[DATA FOR THIS TASK]:
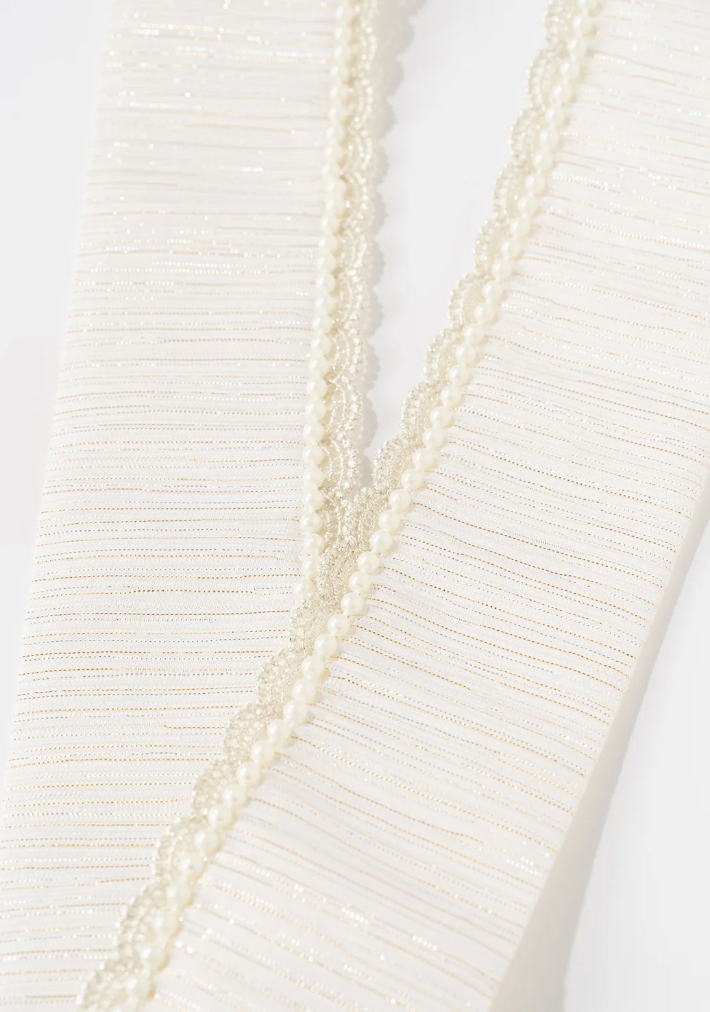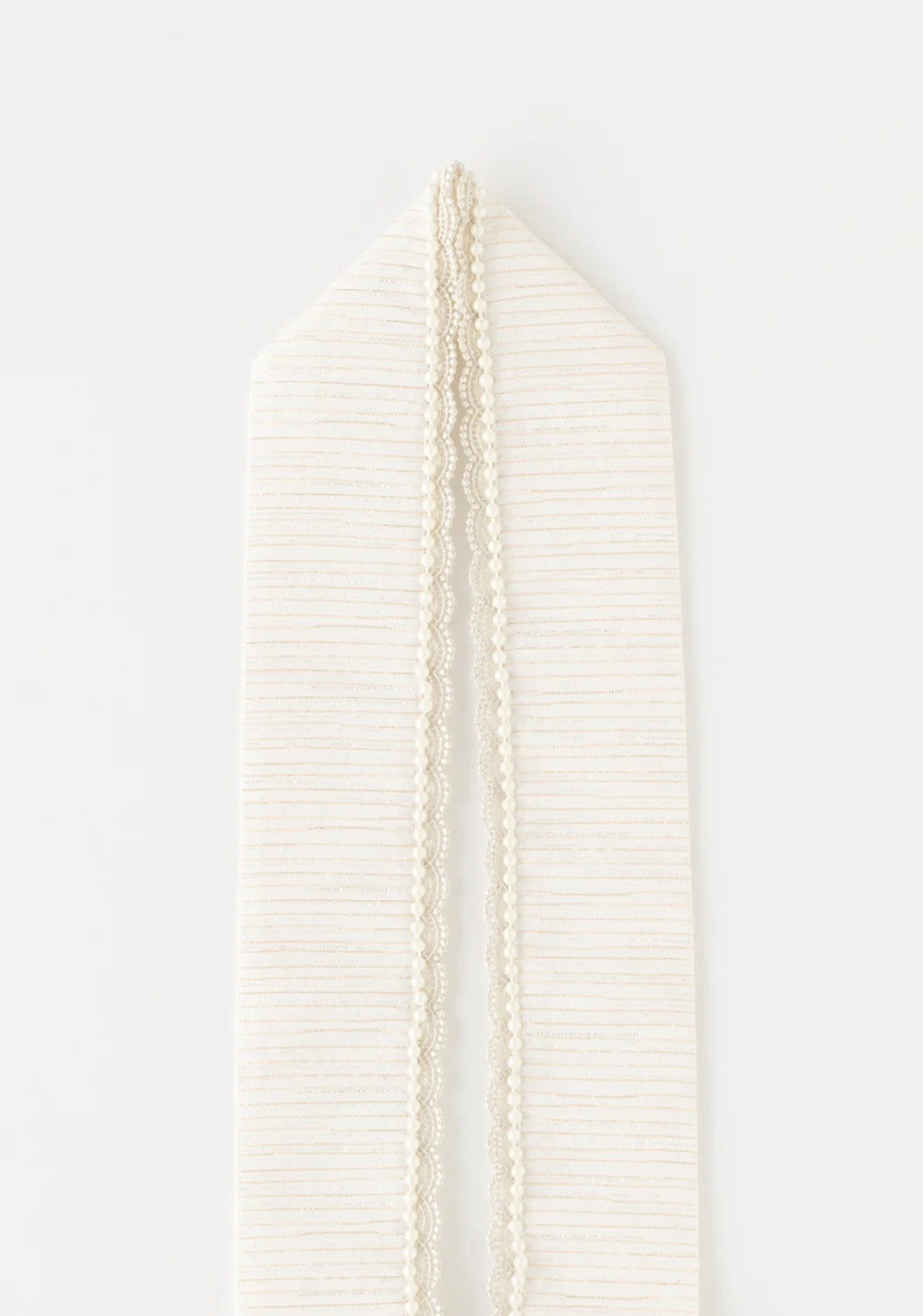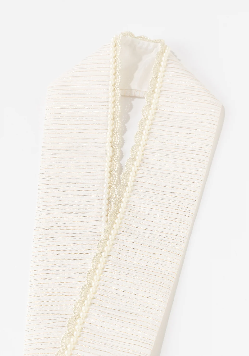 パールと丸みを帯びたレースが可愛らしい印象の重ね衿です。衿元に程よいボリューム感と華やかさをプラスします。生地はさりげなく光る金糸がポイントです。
---
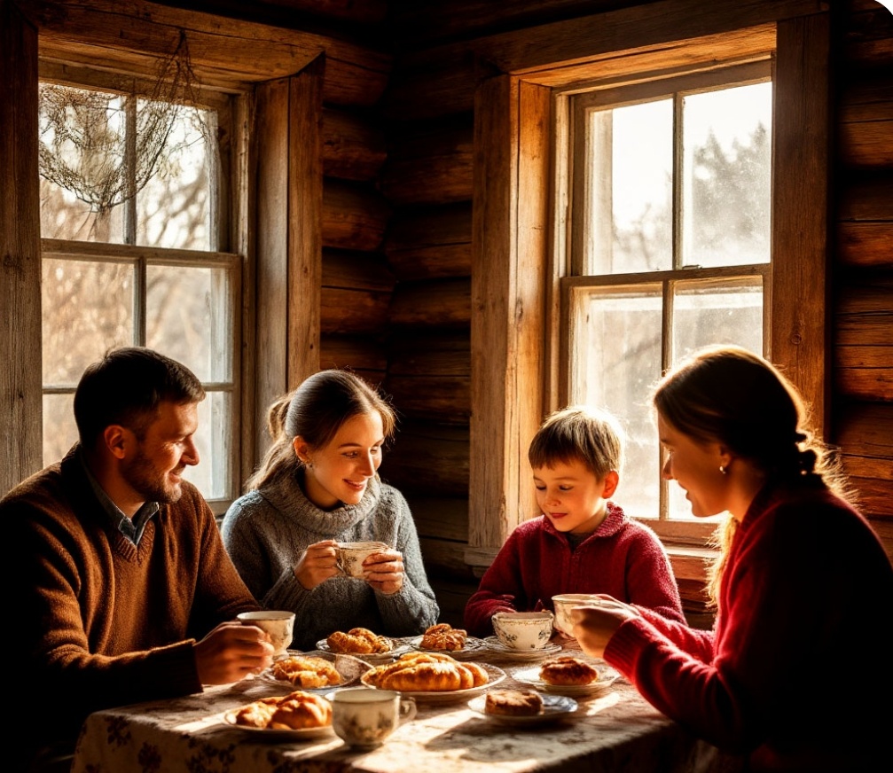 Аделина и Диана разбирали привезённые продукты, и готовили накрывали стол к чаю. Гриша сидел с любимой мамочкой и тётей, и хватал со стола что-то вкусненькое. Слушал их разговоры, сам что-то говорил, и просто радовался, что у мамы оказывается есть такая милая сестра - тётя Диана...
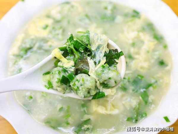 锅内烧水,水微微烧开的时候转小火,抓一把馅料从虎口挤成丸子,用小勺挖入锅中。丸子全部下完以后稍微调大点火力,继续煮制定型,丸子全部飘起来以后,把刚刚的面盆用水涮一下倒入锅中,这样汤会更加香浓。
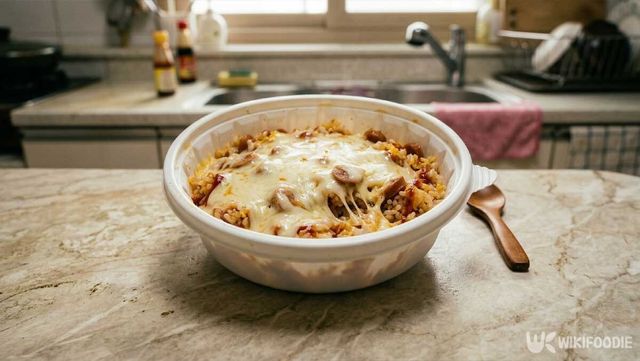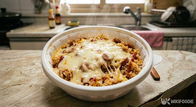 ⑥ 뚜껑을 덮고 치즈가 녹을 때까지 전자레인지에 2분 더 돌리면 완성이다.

[DIRECTIONS]: Using the data above, retype exactly and only the lines from the one containing "锅内烧水,水微微烧开的时候转" up to and including the one containing "⑥ 뚜껑을 덮고 치즈가 녹을 때까지 전자레인지에 2분 더 돌리면 완성이다.", with no pictures carried over.

[SOLVED PROBLEM]:
 锅内烧水,水微微烧开的时候转小火,抓一把馅料从虎口挤成丸子,用小勺挖入锅中。丸子全部下完以后稍微调大点火力,继续煮制定型,丸子全部飘起来以后,把刚刚的面盆用水涮一下倒入锅中,这样汤会更加香浓。
 ⑥ 뚜껑을 덮고 치즈가 녹을 때까지 전자레인지에 2분 더 돌리면 완성이다.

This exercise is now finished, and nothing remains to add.